Here’s how we do it: Santa stuffs the stockings, and those are looked at immediately upon waking up. The kids play with the things in their stockings. We make coffee. We talk. We make some breakfast. Then, someone opens a present. The recipient then has all the time he or she wants to peruse that gift. If you got a book, go ahead and read some of it. If you got some clothes, go upstairs and try them on and see how they look. If you got a toy, play with it as much as you want. Sometimes the kids are ready to open another present, and they will, but we try really hard to make each gift massively awesome (I am so, so, so against gifts for the sake of gifts), and often an hour or more will go by before another gift is opened. I have it on good authority from the Big Man at the North Pole that some trains will be in the stockings, including some long-coveted battery-operated ones, so I could conceivably foresee the entire morning going by before we get to any actual presents. Which is fine by me.

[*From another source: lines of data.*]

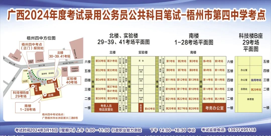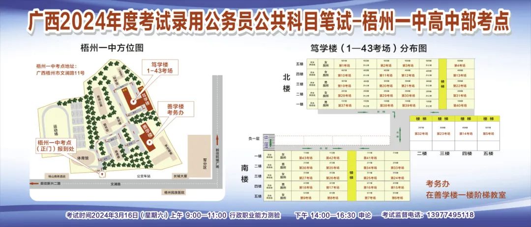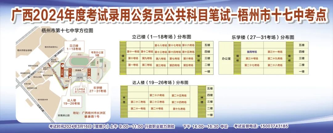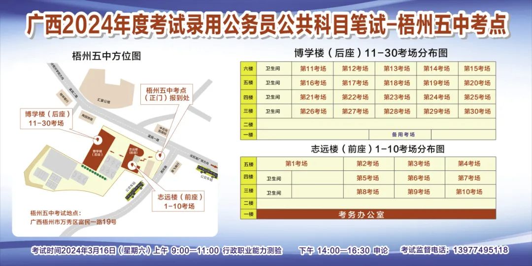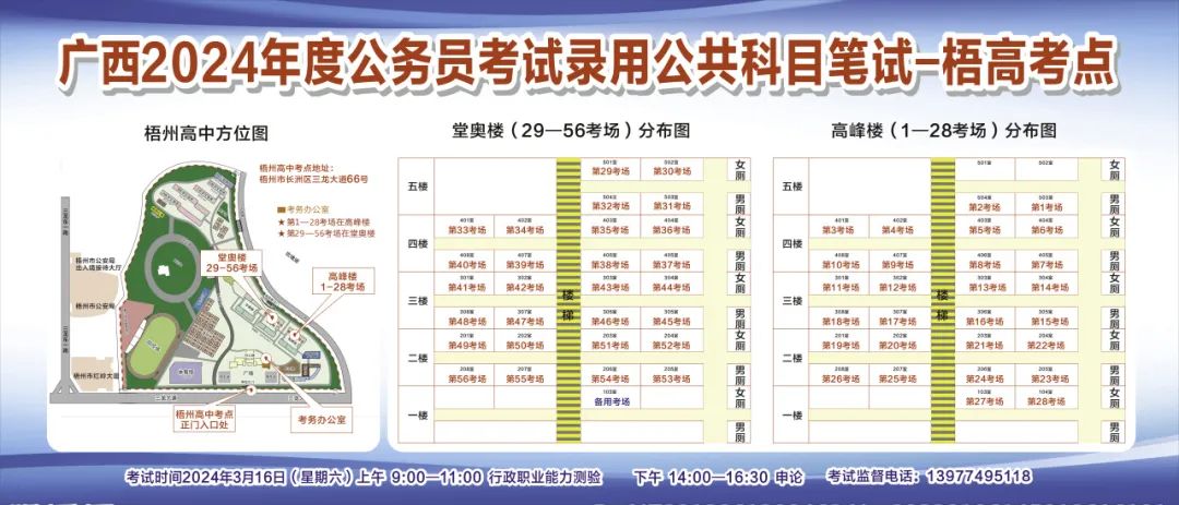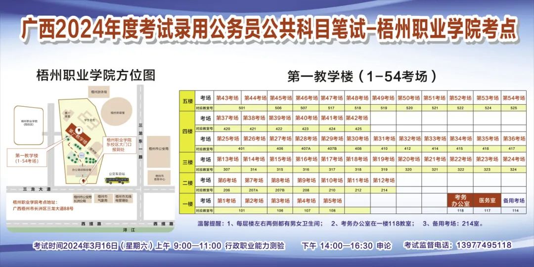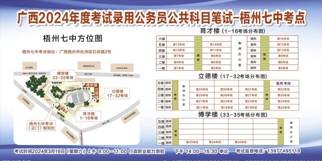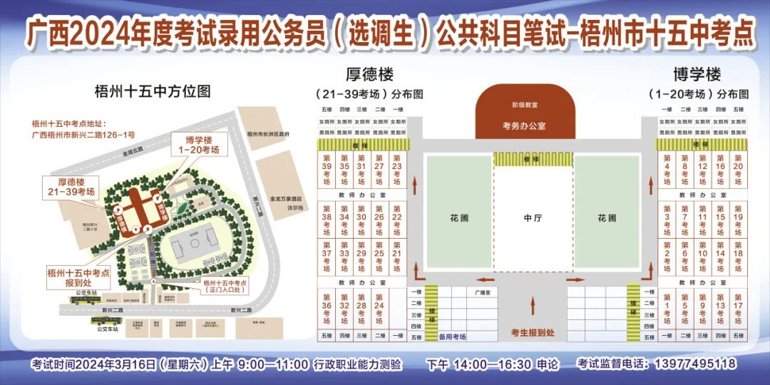 一、廣西2024年度考試錄用公務(wù)員(選調(diào)生)公共科目筆試將于3月16日舉行,梧州考區(qū)共設(shè)置9個(gè)考點(diǎn),請(qǐng)考生提前熟悉各自考點(diǎn)位置、周邊環(huán)境及交通情況,考試當(dāng)天提前出門做好準(zhǔn)備,準(zhǔn)時(shí)參加考試。特別提示:因考點(diǎn)停車場(chǎng)地有限,所有考生車輛不得進(jìn)入考點(diǎn),請(qǐng)考生規(guī)劃好前往考點(diǎn)的交通方式和路線。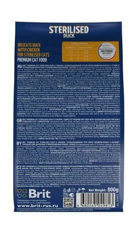 Корм BRIT 800гр для стерилизованных кошек с уткой и курицей Premium Cat Sterilized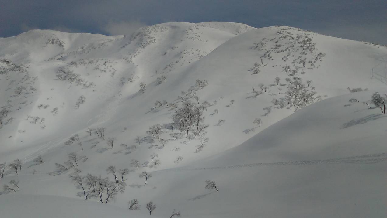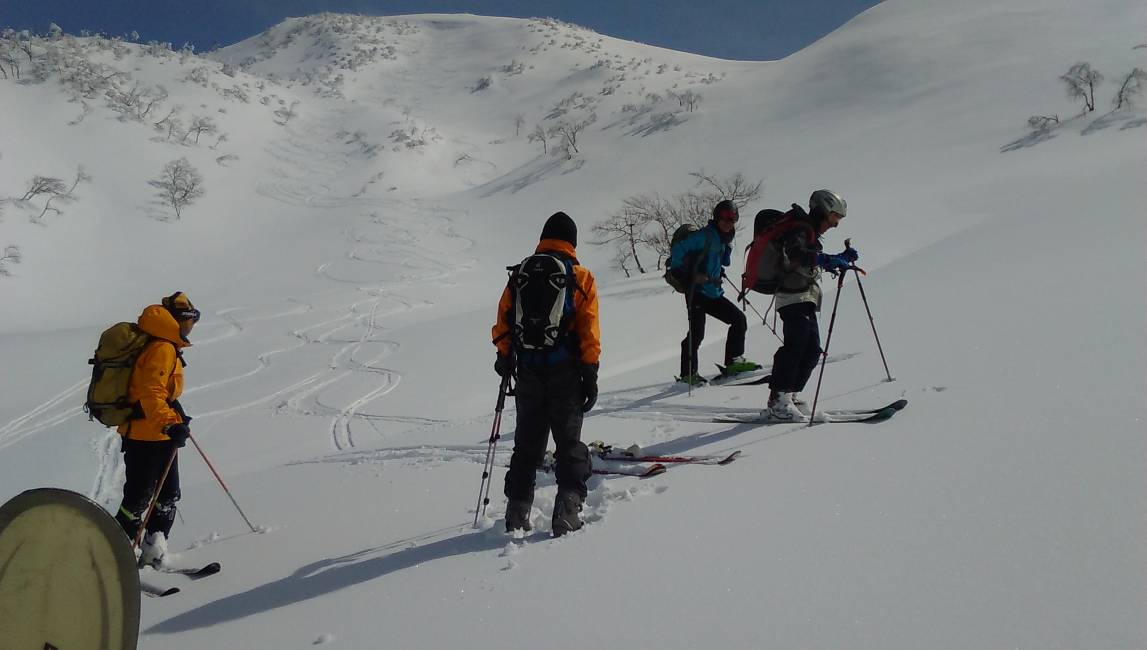 10年以上前に何度か通ったわさび沢、久しぶりに行ってきた。雪の少なくなった南俣からスキーを担ぎ出発。標高500m付近でスキーを履きシール登行、昨日の雨はこのあたりでは雪で、湿った雪に薄っすらと覆れていた。独標の積雪は4m、いまの時期としてはかなり多い。新雪が表面をフラットにしてくれた為、順調なシール登行で頂上へは早く着いた。今日のスキー滑降は頂上1420mからわさび沢出合450mまで標高差約1000mの大滑降となるしかもじゃまなブッシュはほとんど無い。核心部のわさび沢だけでも標高差約500mの中〜急斜面がつづく。本流の大張沢との出合で滑る石に手間取ったが対岸に渡渉するとまもなくスキー場に着く。新潟市からわずか30〜40kmの至近距離にあるスケールの大きい山スキールート、二王子岳の山スキーの魅力を改めて感じた。

The first thing this does is make Christmas very peaceful. I have been at Christmases where it’s a frenzied present-opening free-for-all, and maybe that’s fun and happily chaotic for some people, but it made me kind of crazy. You couldn’t see what anyone got and you barely had time to see what was in your own box before you had something else thrown at you. And you usually miss the reaction of the person opening your own gift to them, which is more than half the fun, as far as I’m concerned.
Slow present opening also makes the day last longer. When Henry was littler, there were Christmases where we didn’t even get around to opening up all the presents on the 25th. (Now he’s more aware of what’s left under the tree.) So you don’t get that 10:00 a.m. letdown where suddenly everything is over and you’re tired and you feel like there’s something else you’re supposed to be doing but you’re not sure what it is (shopping for next Christmas?).

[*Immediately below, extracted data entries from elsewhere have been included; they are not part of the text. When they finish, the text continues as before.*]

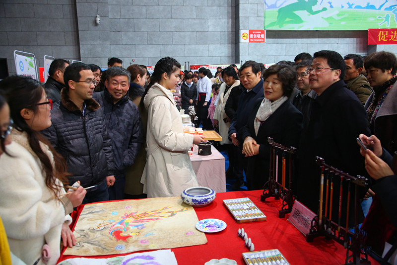 人力资源和社会保障部副部长张义珍、副省长杨光荣等一行人在活动现场与我校工作人员亲切交谈。询问并了解我校传承、保护当地非物质文化——凤画遗产等方面情况,对我校突破职教发展所需,发挥传承优势,为当地培养高素质技能人才点赞。
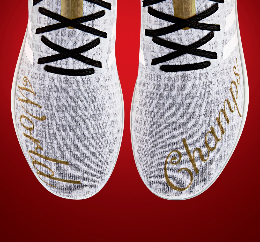 Sekujur bagian atasnya dibubuhi catatan skor pertandingan babak Playoff musim lalu. Bagian tumit luarnya terbordir logo bola basket yang sedang digenggam cakar hewan purbakala Velocyraptors yang jadi simbol hewan tim ini. Lidahnya tersemat panel berwarna emas yang jadi representasi cincin juara yang baru saja mereka dapat sebulan lalu.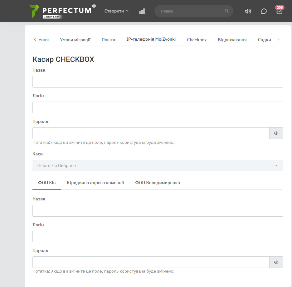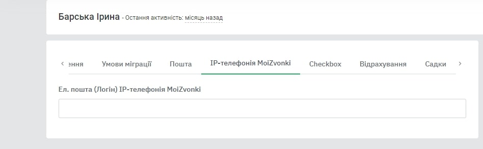 У цій вкладці можна налаштовувати логін та пошту для входу в IP телефонію MoiZvonki.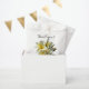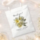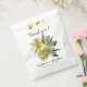 Bolsos florales de favoritas de boda para decir "gracias" a los invitados. Flores de plumeria amarilla y blanca con texto encima y debajo del ramo realista de flores. Incluya los nombres de la novia y del novio con la fecha del boda. Las bolsas blancas vienen en conjuntos de 50 en dos tipos de papel.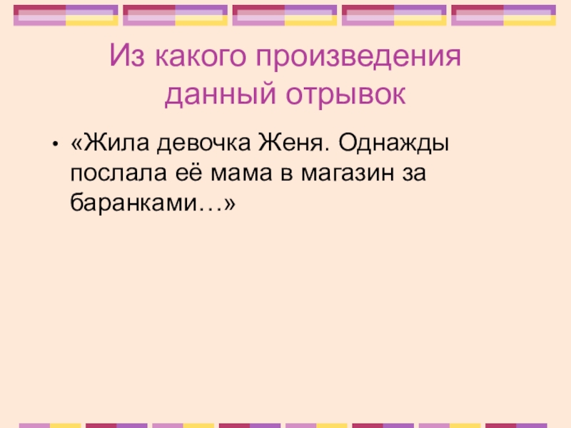Из какого произведения данный отрывок«Жила девочка Женя. Однажды послала её мама в магазин за баранками…»

And, best of all, with Slow Christmas you don’t have to get nearly as many presents. With our family of five, two or three per person is just fine (I’m counting wrapped presents here, post-stocking). (That’s fifteen new things in our house! That’s a lot of things!) It was two years ago that I started to get very, very edgy about the amount of objects that were about to come in to the house because of the holidays, and I am still hyper-aware of the number of things we’re adding to the house. I haven’t bought many presents this year, and I’m still a little worried about where we’ll put everything. (I’m sorry to tell you that I maybe went just a little bit overboard because of not having to buy presents for anyone in the extended family. But I will also say that I haven’t done the official wrap-’em-up tally, and if there’s overage, I have no problem saving some things for birthdays next year.)

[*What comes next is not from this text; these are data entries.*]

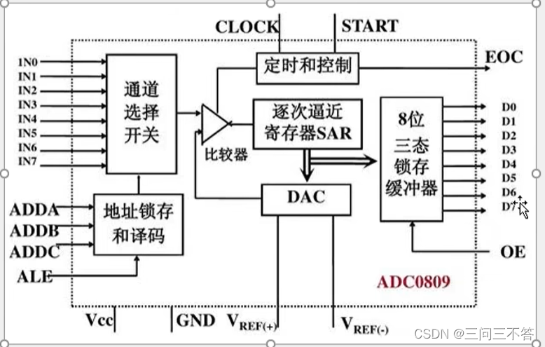 第一次比较的时候输出一半,也就是128,比较谁大谁小,如果DAC电压大了,第二次比较的时候,就在给64,如果还大,第三次给32,如果这次小了,第四次那么就给32-64之间的值。如果用二进制来表示的话这些数据正好二进制是每一位的位权,那么这个按段的过程相当于就是对二进制从高位到低位依次判断是1还是0的过程,对于8位的ADC,依次判断8次就能找到未知电压的编码了。ADC有一个内置自校准模式。12位逐次逼近型ADC(它的表示范围就是0~2^(12-1)——> 0~4095),1us转换时间(对应频率1MHz)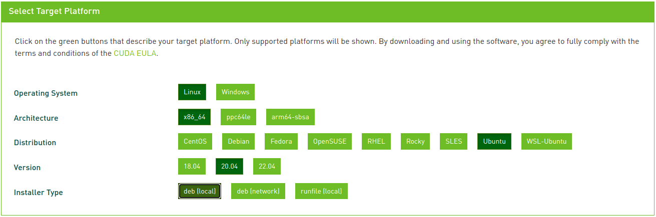Installer Type에서 deb를 선택할 경우 CUDA 최신 버전이 설치된다. runfile을 선택해서 11.3을 설치하려 했지만 설치가 잘 진해되지 않아 deb로 설치하였다.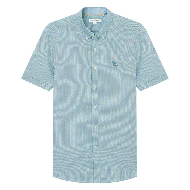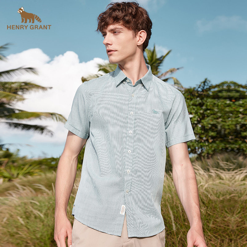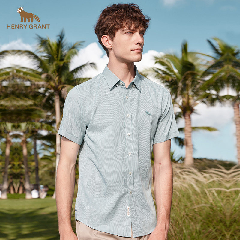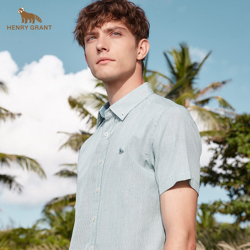 亨利格兰小熊猫夏季新品男英伦休闲条纹尖领短袖衬衫轻薄时尚衬衣

Best. Christmas. Plan. Ever.
This was the Christmas-day management strategy I came to embrace as an adult, but before I was married. I liked to take my time and relax at my parents’ house on Christmas day; no rush to get through all the stuff. But now that I have a husband and child, and family all local, Christmas is total [merry] chaos. We’re racing around town, sometimes separately, to spend time with both our families.
We realized that this year, Sam is going to be more aware of his gifts, and it’ll be harder to tear him away to go visit all his relatives. Maybe we should institute a Slow Boxing Day instead…
I think I would totally spread it out over three days. Why not have him open a gift or two on Christmas Eve, do all the family craziness on Christmas, and then finish up the at-home gifts on Thursday?
I totally agree with this– I think it also is a good way to really drive home that Christmas is about giving, not getting, because kids are encouraged to sit and really pay attention to other people receiving their gifts. In Erik’s family they would all unwrap like crazy at the same time as fast as they could so that present opening was over in about 15 minutes flat- it’s taken him a little time to adjust to the way that we pass out the gifts one at a time and focus on the person unwrapping it but I think he’s OK with it now. It’s good to start this up front with kids probably because if you started out the crazy, fast way it would be hard for them to get used to the slow way!
This is amazing. I am doing this next year. If haven’t already I would reserve slowchristmas.com.